Is this America's finest pub burger?
When I drove through Pittsburgh recently I knew that I had to make a stop at Tessaro's to try the famed hamburger. George Motz immortalized the burger in his chopped beef–and-bun opus, Hamburger America. It is one of only a handful of burgers in that book that are grilled; the majority of his favorites are griddled. Griddled is actually my preference as well, although after eating the burger at Tessaro's I am not so sure.
You expect a place with a good burger to be packed at night. When I first showed up at Tessaro's at 9:30 p.m., weary from a day of travel, the wait was more than half an hour. Too long for my tired bones, I figured I would try again the next day on the way out of town. I got there shortly before noon and snagged the last available table, narrowly avoiding a 20-minute wait. I noticed that, despite a pretty extensive menu, everyone was eating hamburgers. Packed at dinner and packed at lunch with everyone eating a single dish—now that is the sign of a great burger.
Many places brag about getting beef delivered daily from a butcher, but how many burger joints actually have a butcher in house? Tessaro's grinds fresh chuck each morning for the day's hamburgers. Since each burger weighs in at about a half pound and almost everybody orders the burgers, they must go through hundreds of pounds a week. The beef is hand-formed into patties only moments before they grill it.
Tessaro's forms the patties with such exacting precision that you would swear they used a machine. The grill is fired with Pennsylvania hardwood; according to Motz, it is a mixture of yellow maple, red oak, and walnut chosen for its flavor neutrality and high heat. The grill can get up to 600 degrees and puts a serious sear on anything that comes into contact with it. The burgers that come off of it are simply superb.
Crusty, salty, juicy, and toothsome, burgers here approach steak in terms of mouthfeel. The exterior is striated with deeply charred hatch marks from the grill and a thick crust gives way to a buttery interior. Perfumed with an intoxicating smokiness from the grill, the beef still imparts a sweetness. Texturally, the chunky, flaky grind is just about perfect. Served on an airy Portuguese-style roll, the burger needs nothing more to achieve burger greatness.
My only complaint was that both of the burgers I ordered were served overcooked, a rare and medium-rare order came out cooked past the requested temperatures. Perhaps I should have expected this when I placed my order. The waitress was initially perplexed when I ordered it rare. "Red?" she asked quizzically. The three locals who sat next to me where equally perplexed when my burgers came out much faster than theirs, despite the fact that they had ordered before me. "How come they got theirs so quickly?" they asked the waitress.
"They ordered them rare and medium-rare," she said. They looked puzzled. Apparently ordering to temperature is not common practice at Tessaro's. I am not surprised; I bet this burger would be juicy even cooked all the way through.

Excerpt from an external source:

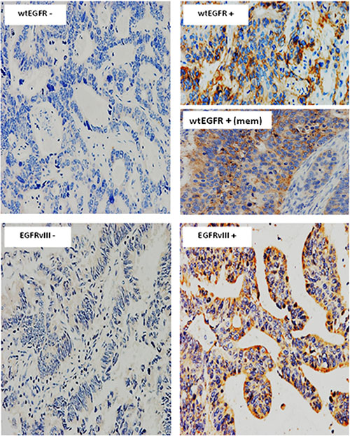 The relatively common expression of EGFRvIII (41%) was surprising but also an important finding in this study. Interestingly, in one patient we observed that while there was no detectable expression of EGFR in the primary tumour, the liver metastasis from the same patient was strongly positive for EGFRvIII expression (Data not shown). Arguably, while this observation was seen in only one patient, nevertheless it highlights an important fact that EGFR expression can alter between the primary site and distant metastatic lesions [31] and such mutations could contribute to secondary resistance to anti-EGFR mAbs therapy [40–42]. In addition, several clinical trials for vaccines targeting EGFRvIII in glioblastoma are currently underway [43]. In the first phase III immunotherapy trial (ACT IV study) with Rintega (rindopepimut) cancer vaccine, consisting of the unique 14 mer EGFRvIII peptide sequence conjugated to keyhole limpet hemocyanin, the unexpected strong performance of the control arm lead to the termination of this study although there are a subset of patients on the Rintega arm who did very well long term. It is currently unclear which factors lead to better performance in these patients. However, the high level of EGFRvIII reported in this study for patients with colorectal cancer suggest that such patients should also be included in future studies with EGFRvIII targeting vaccine.

It would probably still be juicy when torched to the point of resembling the very hardwood that it is cooked on.
There are a number of options when ordering your burger at Tessaro's if you want more than the purity of the beef and bun. You can load it with all manner of cheese, toppings, and condiments—or just get everything in the "gourmet cheeseburger," which comes precariously stacked with bacon, grilled mushrooms, onion, your choice of cheese, and a garden's worth of rabbit food. Either plain or loaded the burger at Tessaro's is the finest example of a pub-style burger I have had. Actually, I'm understating the case. Tessaro's burger is one of the finest hamburgers I have eaten, period.